Probing cosmological parameters with the CMB: Forecasts from full Monte Carlo simulations
Laurence Perotto, Julien Lesgourgues, Steen Hannestad, Huitzu Tu, Yvonne Y. Y. Wong
TL;DR
This study demonstrates that Fisher-matrix forecasts can substantially misestimate parameter errors for Planck-like CMB data, especially in multi-parameter cosmologies where likelihoods are non-Gaussian due to degeneracies. By contrast, full Monte Carlo analyses with CosmoMC on synthetic data reveal the true posterior shapes, showing significant differences for parameters such as the neutrino mass fraction $f_{\nu}$ and $\Omega_{dm} h^2$ in minimal models, and persistently notable discrepancies in extended models. Incorporating CMB lensing information mitigates some non-Gaussian effects and improves agreement, though residual differences remain in the eleven-parameter case, particularly for $N_{\rm eff}$ and $m_ν$. The authors advocate using Monte Carlo-based forecasts for robust error predictions and argue that this approach is readily extendable to complementary probes beyond Planck.
Abstract
The Fisher matrix formalism has in recent times become the standard method for predicting the precision with which various cosmological parameters can be extracted from future data.
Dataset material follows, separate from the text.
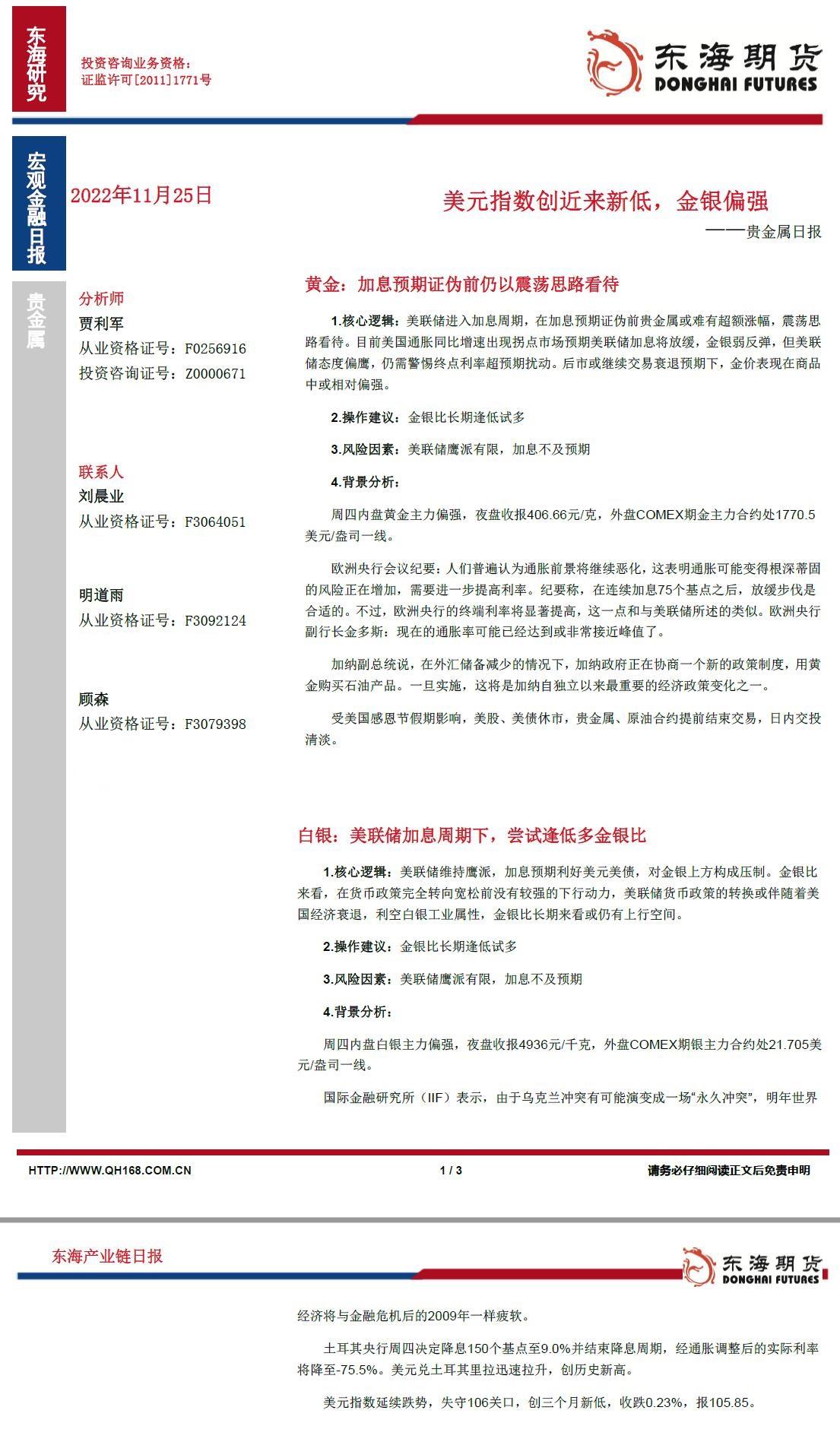 【东海期货11月25日产业链日报】贵金属篇:美元指数创近来新低,金银偏强

This approach is fast, and generally returns accurate estimates for the parameter errors when the individual parameter likelihoods approximate a Gaussian distribution. However, where Gaussianity is not respected (due, for instance, to strong parameter degeneracies), the Fisher matrix formalism loses its reliability. In this paper, we compare the results of the Fisher matrix approach with those from Monte Carlo simulations. The latter method is based on the publicly available CosmoMC code, but uses synthetic realisations of data sets anticipated for future experiments. We focus on prospective cosmic microwave background (CMB) data from the Planck satellite, with or without CMB lensing information, and its implications for a minimal cosmological scenario with eight parameters and an extended model with eleven parameters. We show that in many cases, the projected sensitivities from the Fisher matrix and the Monte Carlo methods differ significantly, particularly in models with many parameters. Sensitivities to the neutrino mass and the dark matter fraction are especially susceptible to change.